Lowering levels of arginase may halt progression of diabetic retinopathy

September 2, 2009

High levels of the enzyme arginase contributes to vascular eye damage, and therapies to lower its levels could halt progression of diabetic retinopathy (DR), according to researchers at the Medical College of Georgia (MCG) School of Medicine, USA.

High levels of the enzyme arginase contributes to vascular eye damage, and therapies to lower its levels could halt progression of diabetic retinopathy (DR), according to researchers at the Medical College of Georgia (MCG) School of Medicine, USA.

This is the first connection made between eye disease and arginase, an enzyme also known to cause cardiovascular disease, according to researchers. To create an animal model of the inflammation that occurs early in vascular eye disease, researchers used bacterial proteins to produce uveitis, which also can cause blindness but is easier to detect and treat than DR.

"It's taking L-arginine away from the nitric oxide synthase so it can accelerate wound healing, but the lack of substrate for nitric oxide synthase leads to vascular constriction and occlusion which causes further tissue damage," said Ruth Caldwell, PhD, a cell biologist at the MCG School of Medicine and VA Medical Center, and the study's corresponding author.

As with arginase, some reactive oxygen species formation is a good thing but too much causes blood vessel damage, said researchers.

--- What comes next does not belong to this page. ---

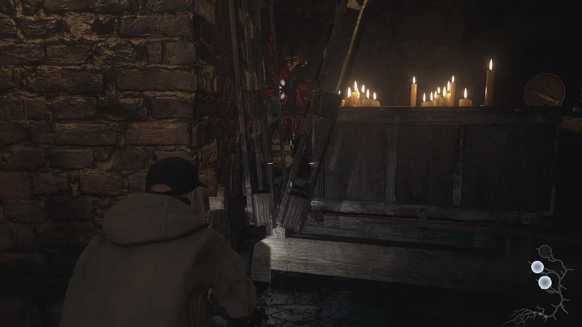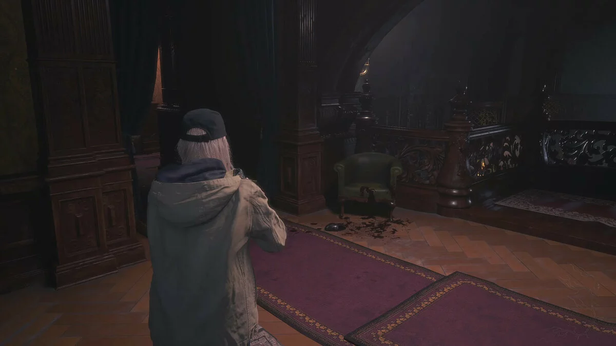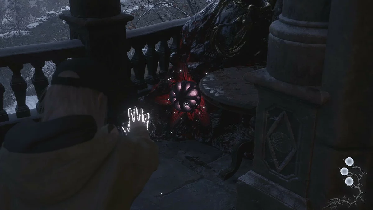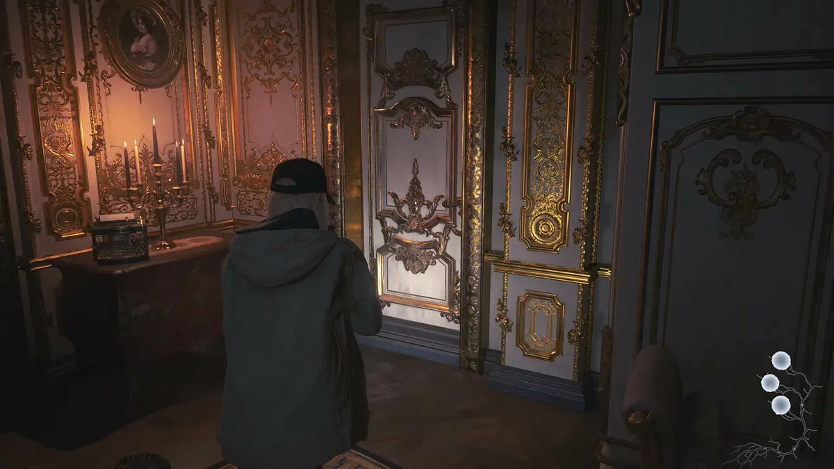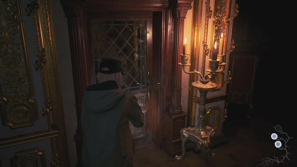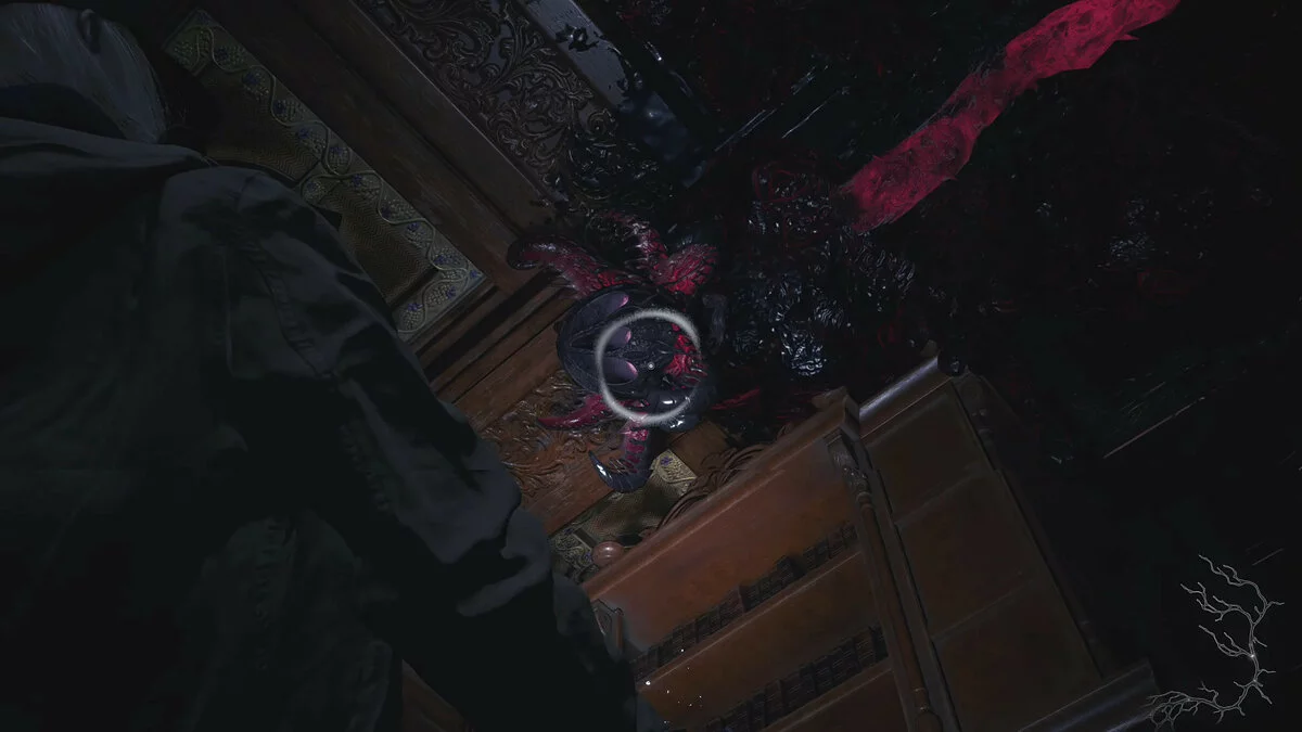 Как только куклы отвернутся, добегаем до безопасной зоны и разрушаем цветок. Обходим стол и уничтожаем ещё один сгусток. В следующей комнате прячемся под столом от манекена.

"Our studies demonstrate that if we inhibit arginase, we also reduce the reactive oxygen species level and vice versa," said Wenbo Zhang, PhD, postdoctoral fellow in Dr. Caldwell's lab and the paper's first author. "It appears that arginase and nitric oxide synthase influence each other in a positive feedback loop."

Rather than drugs that generally suppress arginase, the researchers want to find new drugs that can restore healthy levels of arginase.